Need I invest each output file in detail and then decide which need to be kept and add prefix?

xinliu005 commented 6 years ago

scaffolds.fasta – resulting scaffolds (recommended for use as resulting sequences) contigs.fasta – resulting contigs assembly_graph.fastg – assembly graph contigs.paths – contigs paths in the assembly graph scaffolds.paths – scaffolds paths in the assembly graph before_rr.fasta – contigs before repeat resolution

corrected/ – files from read error correction configs/ – configuration files for read error correction corrected.yaml – internal configuration file Output files with corrected reads

params.txt – information about SPAdes parameters in this run spades.log – SPAdes log dataset.info – internal configuration file input_dataset.yaml – input fastq file full path, read orientation, type (single or paired) assembly_graph_with_scaffolds.gfa – Assembly graph in GFA format warnings.log – all warnings

Suggestion: all files can be kept, but only scaffolds.fasta will be add prefix and used by the next step.

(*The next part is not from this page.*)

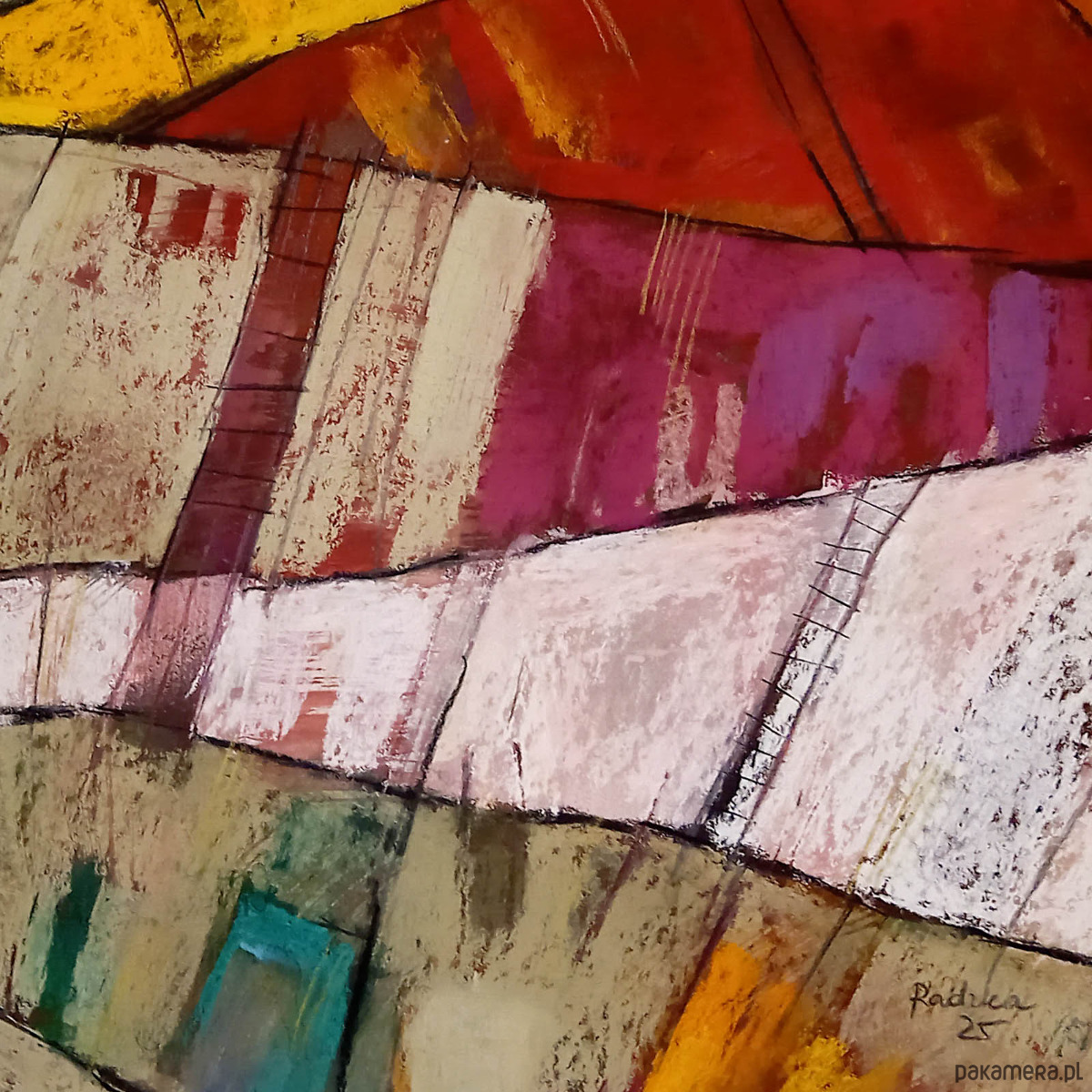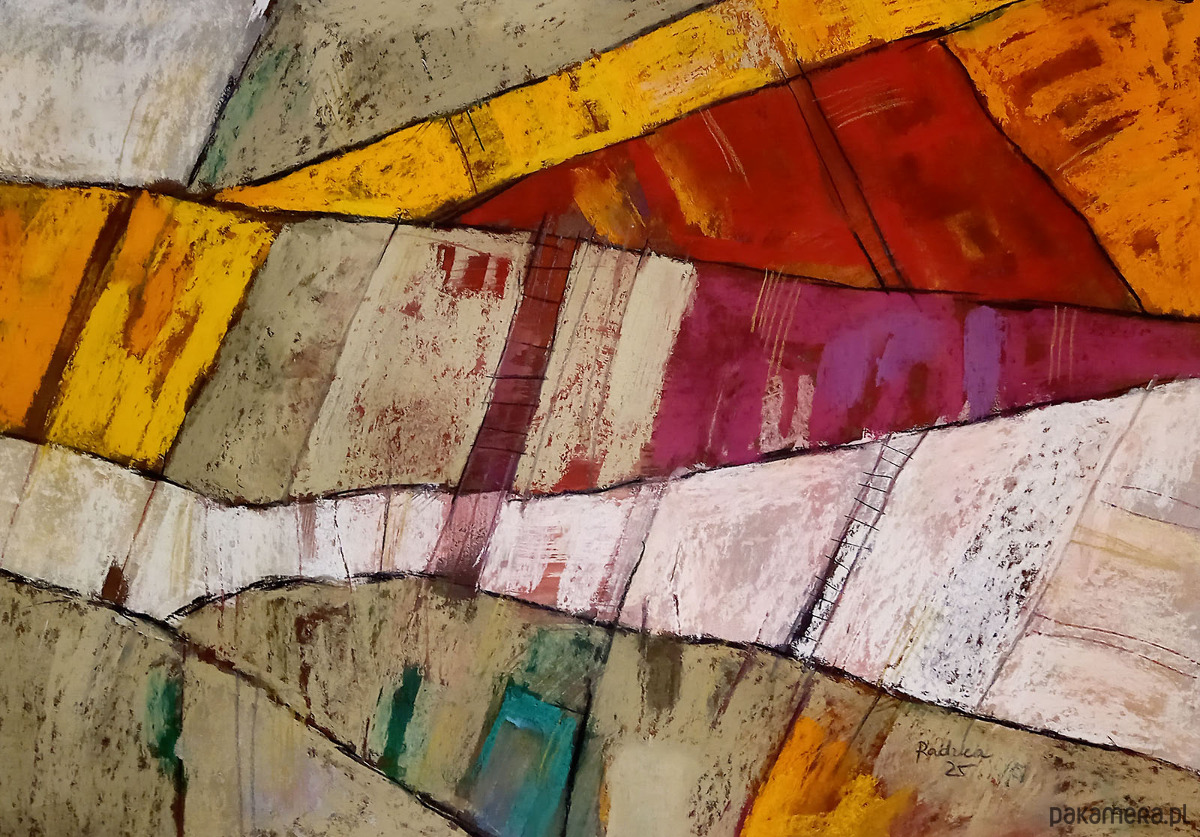 Rysunek wykonany pastelami suchymi, węglem, akrylami i tuszem na brystolu 70x50 cm, zabezpieczony fiksatywą, bez ramy. Na życzenie tworzę symulację kolorystyczną passe partout pasującego do rysunku. Kolory mogą nieznacznie odbiegać od oryginału w zależności od ustawień monitora. Pracę wysyłam w tubie przesyłką priorytetową.

xinliu005 commented 6 years ago

assembly.py: 1) arguments a) assembly_software: only spades or velvet permitted, otherwise print error + exit; if not provided, used spades as default. b) prefix: add prefix+assembly_software+run_type(single or paired) to the file name, and the file structure will be like ERR1234_spadessingle* 2) command: single: spades -s fq1 --careful --cov-cutoff auto -o output_dir paired: spades -1 fq1 -2 fg2 --careful --cov-cutoff auto -o output_dir 3) output: All output files from spades were written in working_dir, and then scaffolds.fasta and spades.log will be copied to out_dir with new names

quality_control.py: 1) arguments a) prefix: add prefix+qc_software+run_type(single or paired) to the file name, and the file structure will be like ERR1234_trim_galoresingle*

utilities.py: Two new methods added: class fileutils(object): def add_file_prefix(self,source_fpath,prefix):
def copy_file_add_prefix(self,source_fpath,outdir,prefix):

assembly.py, quality_control.py, and utilities.py were tested and will be committed in.

xinliu005 commented 6 years ago

assembly.py, quality_control.py, and utilities.py were successfully committed.